WORK TO BE COMPLETED:
Pictures stay out, but every line of the data is copied exactly.

SOURCE DATA:
————
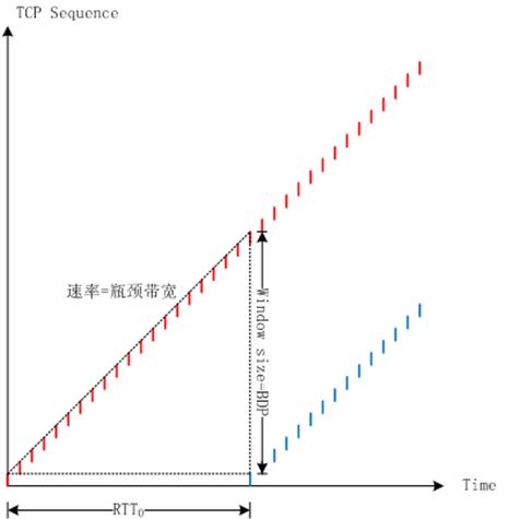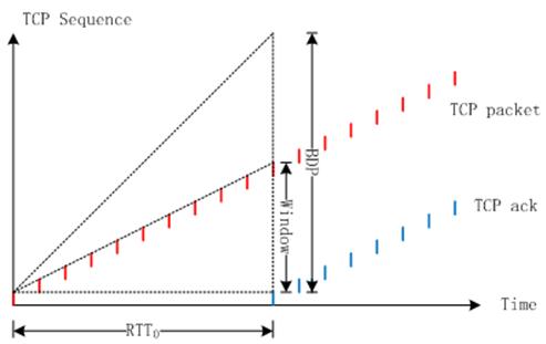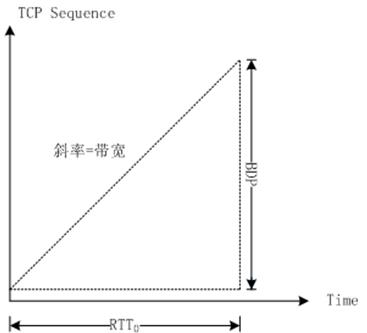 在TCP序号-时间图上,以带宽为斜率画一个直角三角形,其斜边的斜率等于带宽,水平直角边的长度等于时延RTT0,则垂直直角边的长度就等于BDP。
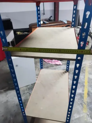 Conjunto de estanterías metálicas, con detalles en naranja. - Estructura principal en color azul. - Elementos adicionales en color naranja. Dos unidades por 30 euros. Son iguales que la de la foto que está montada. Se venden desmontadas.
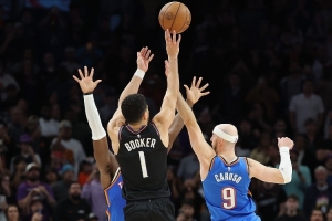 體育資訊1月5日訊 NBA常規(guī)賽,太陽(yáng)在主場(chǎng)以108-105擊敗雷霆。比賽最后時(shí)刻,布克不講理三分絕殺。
————
EXERCISE RESPONSE:
 在TCP序号-时间图上,以带宽为斜率画一个直角三角形,其斜边的斜率等于带宽,水平直角边的长度等于时延RTT0,则垂直直角边的长度就等于BDP。
 Conjunto de estanterías metálicas, con detalles en naranja. - Estructura principal en color azul. - Elementos adicionales en color naranja. Dos unidades por 30 euros. Son iguales que la de la foto que está montada. Se venden desmontadas.
 體育資訊1月5日訊 NBA常規(guī)賽,太陽(yáng)在主場(chǎng)以108-105擊敗雷霆。比賽最后時(shí)刻,布克不講理三分絕殺。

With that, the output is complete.